§ PROBLEM REQUIREMENTS
The entries below are to be repeated exactly, and their pictures left out.

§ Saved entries
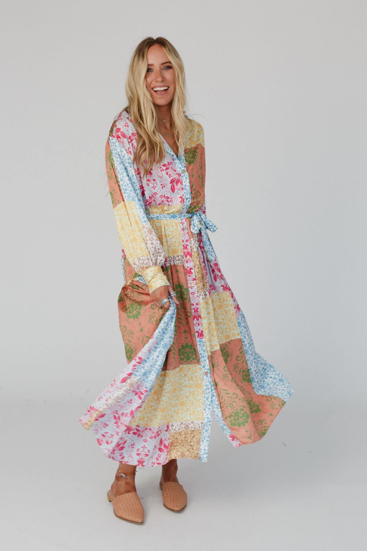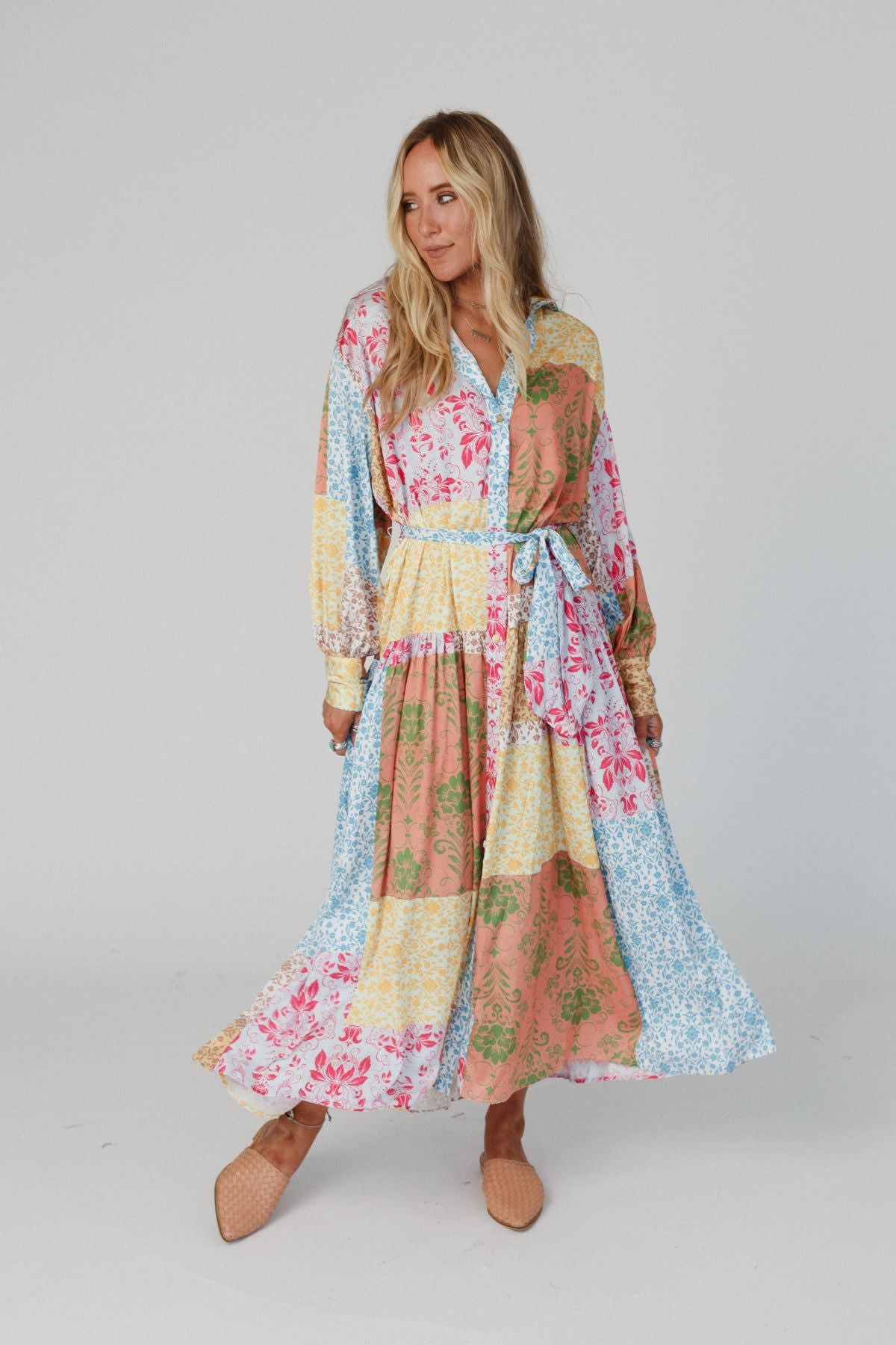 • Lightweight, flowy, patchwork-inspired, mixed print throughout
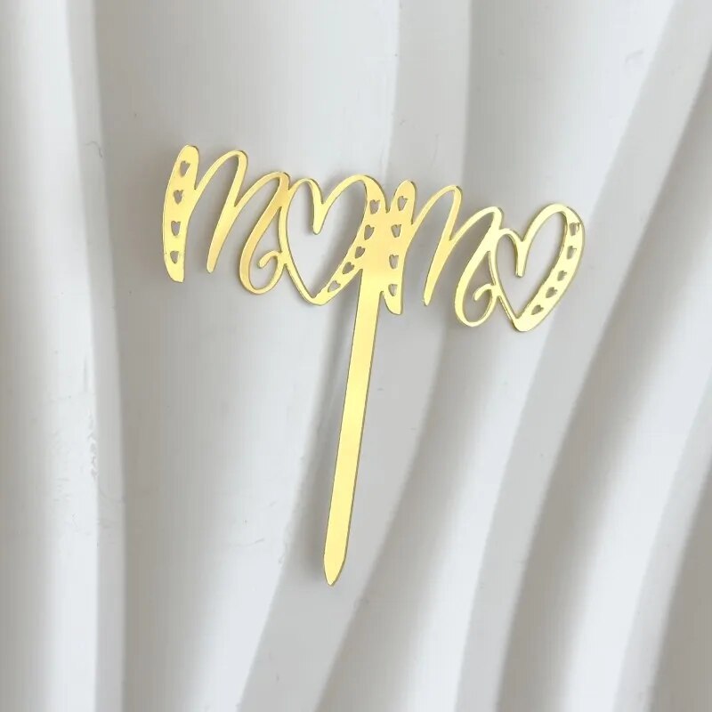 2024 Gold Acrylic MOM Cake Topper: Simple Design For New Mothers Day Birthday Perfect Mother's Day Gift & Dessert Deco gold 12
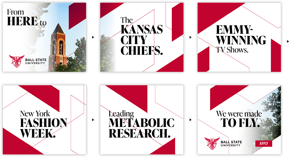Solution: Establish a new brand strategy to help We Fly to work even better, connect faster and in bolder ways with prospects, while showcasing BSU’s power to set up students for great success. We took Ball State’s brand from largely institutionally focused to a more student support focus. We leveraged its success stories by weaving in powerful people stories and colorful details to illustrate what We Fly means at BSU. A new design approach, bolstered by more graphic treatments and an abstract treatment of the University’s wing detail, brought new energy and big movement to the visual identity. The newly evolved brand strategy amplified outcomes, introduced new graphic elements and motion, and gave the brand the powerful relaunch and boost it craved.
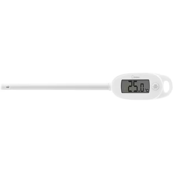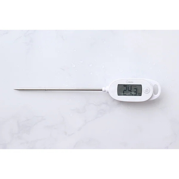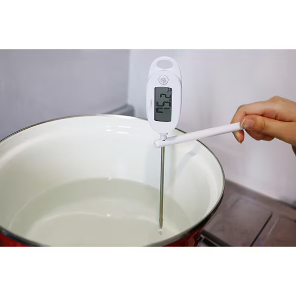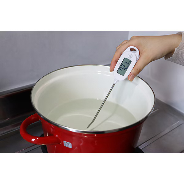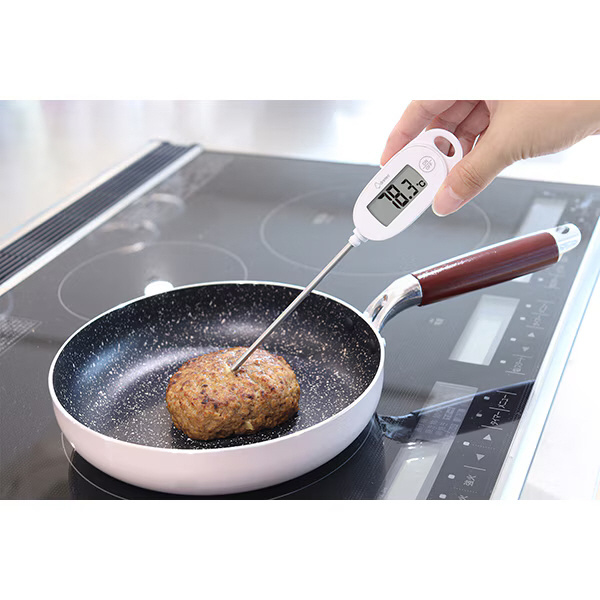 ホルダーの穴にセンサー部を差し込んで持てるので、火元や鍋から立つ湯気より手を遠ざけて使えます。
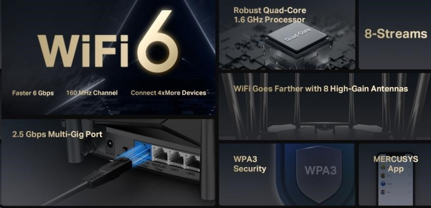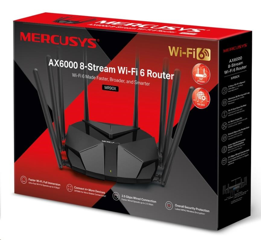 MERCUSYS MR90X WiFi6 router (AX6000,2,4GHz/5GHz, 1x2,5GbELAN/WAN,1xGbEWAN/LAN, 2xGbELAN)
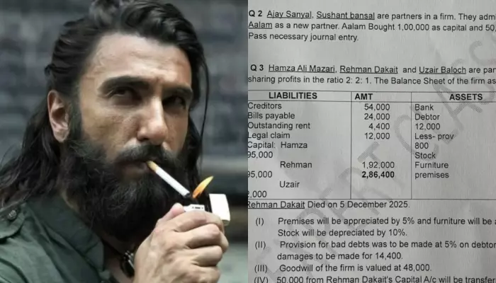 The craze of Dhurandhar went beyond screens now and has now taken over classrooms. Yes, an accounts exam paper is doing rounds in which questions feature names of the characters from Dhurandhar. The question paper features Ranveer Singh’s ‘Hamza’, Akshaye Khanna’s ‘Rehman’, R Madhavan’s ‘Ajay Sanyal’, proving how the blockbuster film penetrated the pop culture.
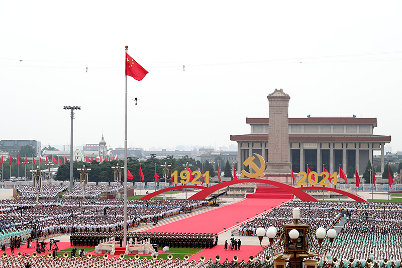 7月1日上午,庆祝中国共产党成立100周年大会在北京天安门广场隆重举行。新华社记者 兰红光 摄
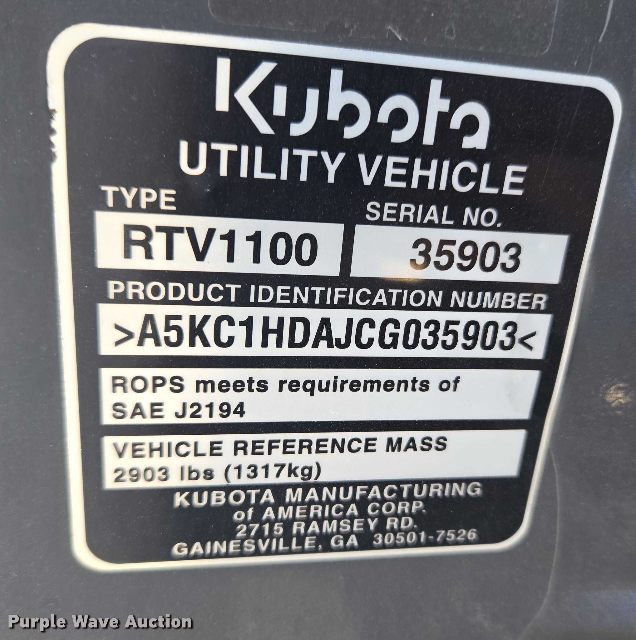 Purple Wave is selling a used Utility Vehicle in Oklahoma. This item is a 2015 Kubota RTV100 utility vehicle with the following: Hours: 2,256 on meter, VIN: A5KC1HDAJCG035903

§ ANSWER BOX
 • Lightweight, flowy, patchwork-inspired, mixed print throughout
 2024 Gold Acrylic MOM Cake Topper: Simple Design For New Mothers Day Birthday Perfect Mother's Day Gift & Dessert Deco gold 12
Solution: Establish a new brand strategy to help We Fly to work even better, connect faster and in bolder ways with prospects, while showcasing BSU’s power to set up students for great success. We took Ball State’s brand from largely institutionally focused to a more student support focus. We leveraged its success stories by weaving in powerful people stories and colorful details to illustrate what We Fly means at BSU. A new design approach, bolstered by more graphic treatments and an abstract treatment of the University’s wing detail, brought new energy and big movement to the visual identity. The newly evolved brand strategy amplified outcomes, introduced new graphic elements and motion, and gave the brand the powerful relaunch and boost it craved.
 ホルダーの穴にセンサー部を差し込んで持てるので、火元や鍋から立つ湯気より手を遠ざけて使えます。
 MERCUSYS MR90X WiFi6 router (AX6000,2,4GHz/5GHz, 1x2,5GbELAN/WAN,1xGbEWAN/LAN, 2xGbELAN)
 The craze of Dhurandhar went beyond screens now and has now taken over classrooms. Yes, an accounts exam paper is doing rounds in which questions feature names of the characters from Dhurandhar. The question paper features Ranveer Singh’s ‘Hamza’, Akshaye Khanna’s ‘Rehman’, R Madhavan’s ‘Ajay Sanyal’, proving how the blockbuster film penetrated the pop culture.
 7月1日上午,庆祝中国共产党成立100周年大会在北京天安门广场隆重举行。新华社记者 兰红光 摄
 Purple Wave is selling a used Utility Vehicle in Oklahoma. This item is a 2015 Kubota RTV100 utility vehicle with the following: Hours: 2,256 on meter, VIN: A5KC1HDAJCG035903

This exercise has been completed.